Summer Evening by Childe Hassam. Florence Griswold Museum.

Hassam resisted labels, including Impressionist, which he and his friends John Twachtman and J. Alden Weir helped bring to America.

The Ten

In 1897, Hassam, Weir and Twachtman formed a group of contemporary artists from Boston and New York. Known as ‘The Ten,’ they exhibited together. Between 1898 and 1919, Hassam exhibited in every one of the group’s annual shows. Over his lifetime, he produced more than 2,000 paintings and 400 prints.

By 1913, when modernism came to New York at the Armory Show, Childe Hassam was no longer an artistic rebel.  He pooh-poohed surrealists and cubists, calling them ‘art boobies.’  He and Weir in turn were called ‘the mammoth and mastodon of art.’

The Fourth of July by Childe Hassam

The Fourth of July by Childe Hassam

An outburst of patriotism during World War I inspired Hassam’s memorable flag paintings.

One, Flags, Fifth Avenue, was a favorite of socialite Brooke Astor. Her estranged son sold it from under her to a private collector though she intended to will it to the Metropolitan Museum of Art.

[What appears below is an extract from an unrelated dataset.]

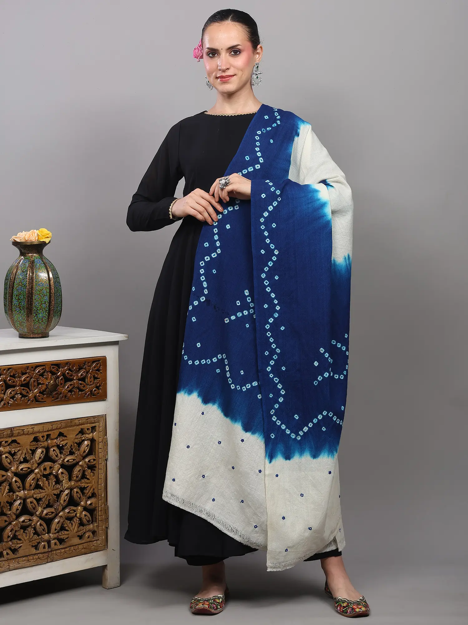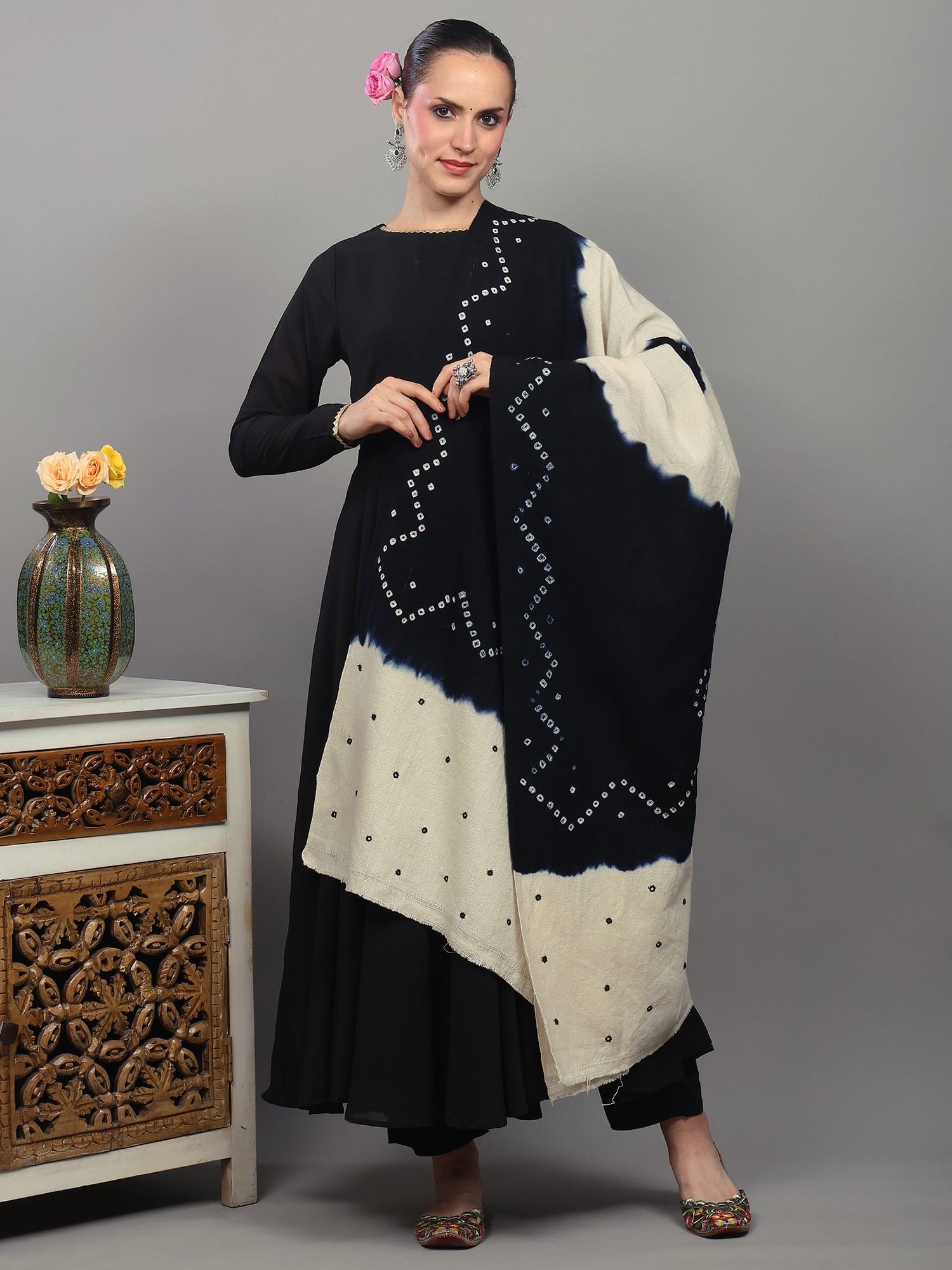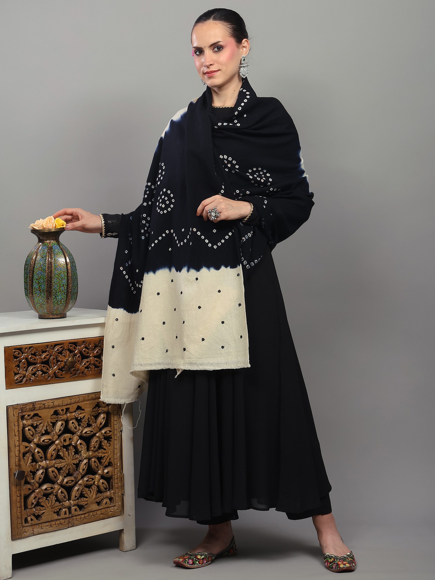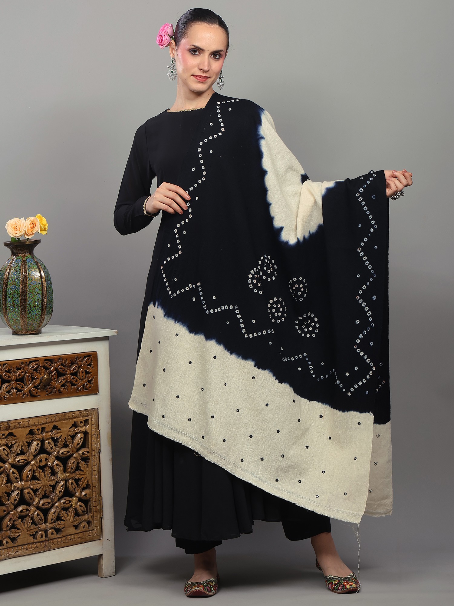 Phantom-Black Bandhani Tie-Dye Scarf

In 1919, the Hassams moved to East Hampton on Long Island, where he continued to paint and to sell his paintings. Critics dismissed him, and he crankily responded by calling them dolts, asses and dullards.

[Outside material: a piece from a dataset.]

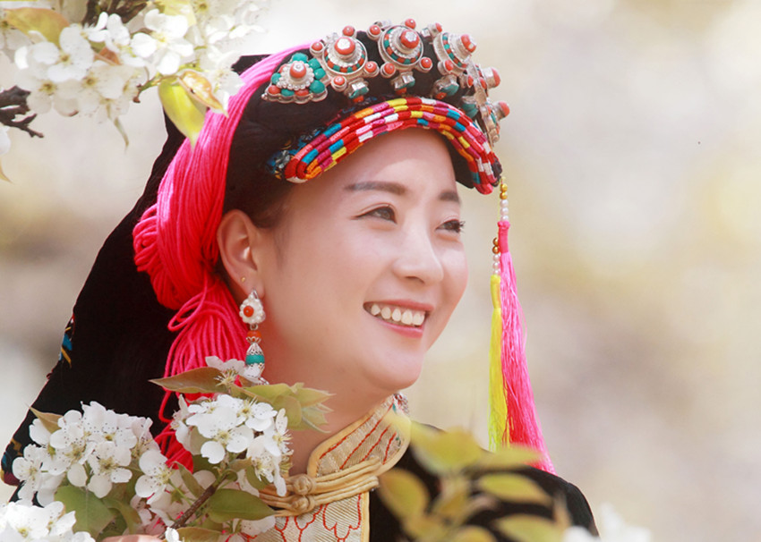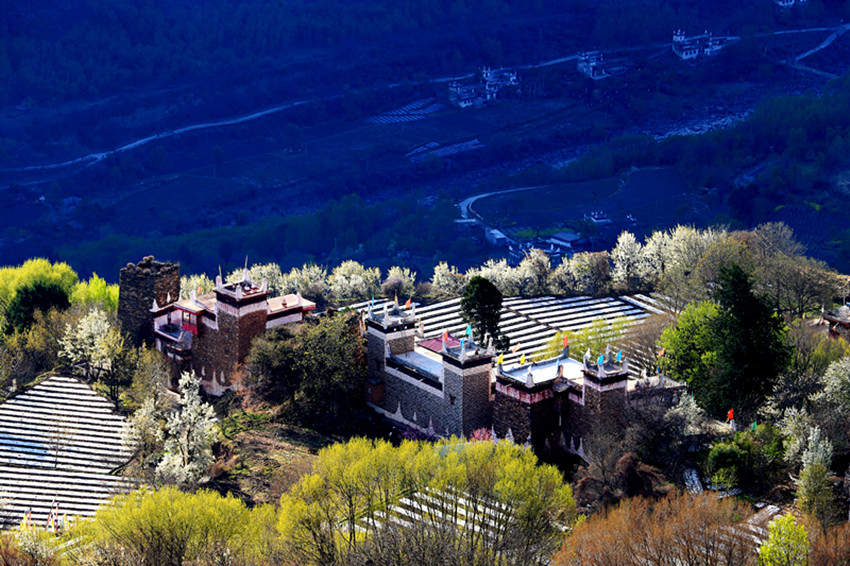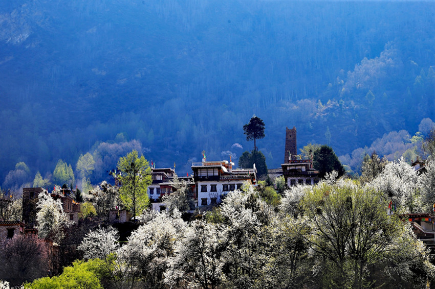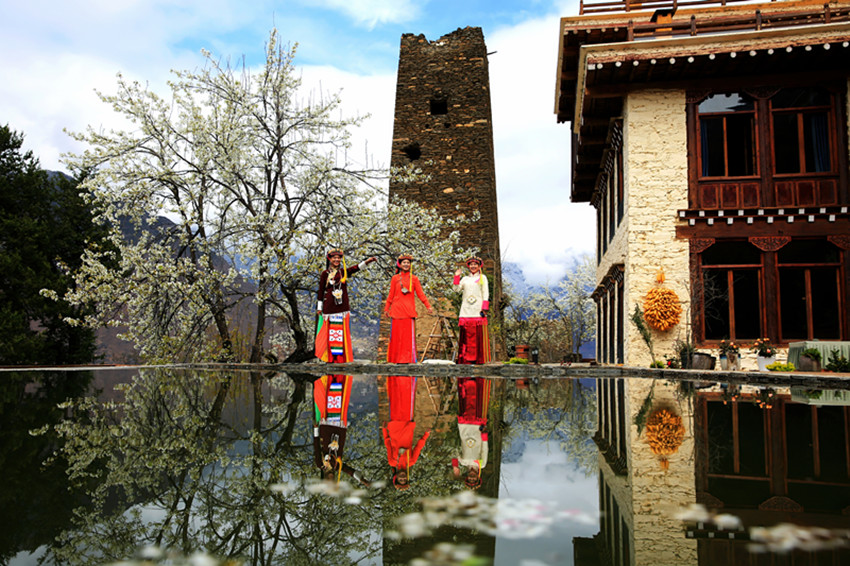 雪山、碉樓、藏寨、美人共同勾勒出一幅精美絕倫的春日藏寨梨花圖。春日里的梨花造就了丹巴的“三絕”?!耙唤^”即梨花配藏寨;“二絕”即梨花配碉樓;“三絕”即梨花配美人。

Childe Hassam died on Aug. 27, 1935. For years he was considered one of the abandoned geniuses of American Impressionism. Collectors rediscovered him in the ‘60s and ‘70s, and his paintings sold for millions.

A critic named Elisabeth Luther Cary wrote, “Childe Hassam has gone and with him something irreplaceable has left American art. I know of no other painter with his power to make the world look convincingly joyous with its own joy, and this he seemed always able to do.”

If you enjoyed this story, you might like to read about another New England artist, Fidelia Bridges, here. This story was updated in 2022. 



julia October 22, 2015 - 12:05 pm

I enjoyed this article so much; I just love Childe Hassam. But I don’t understand the reference to the “abandoned geniuses of American Impressionism.” I know Hassam was an Impressionist, but does the writer mean to say that the art world abandoned the Impressionists for a while there? And denigrated their work? Then, along with other (some non-American Impressionists,) he was “rediscovered” and after that, his work became worth more dollars than before. I never studied art history, so although I think that’s what the writer means, I am not really sure. Can someone more educated than I am in the field confirm (or deny) my reading of that sentence? Thanks.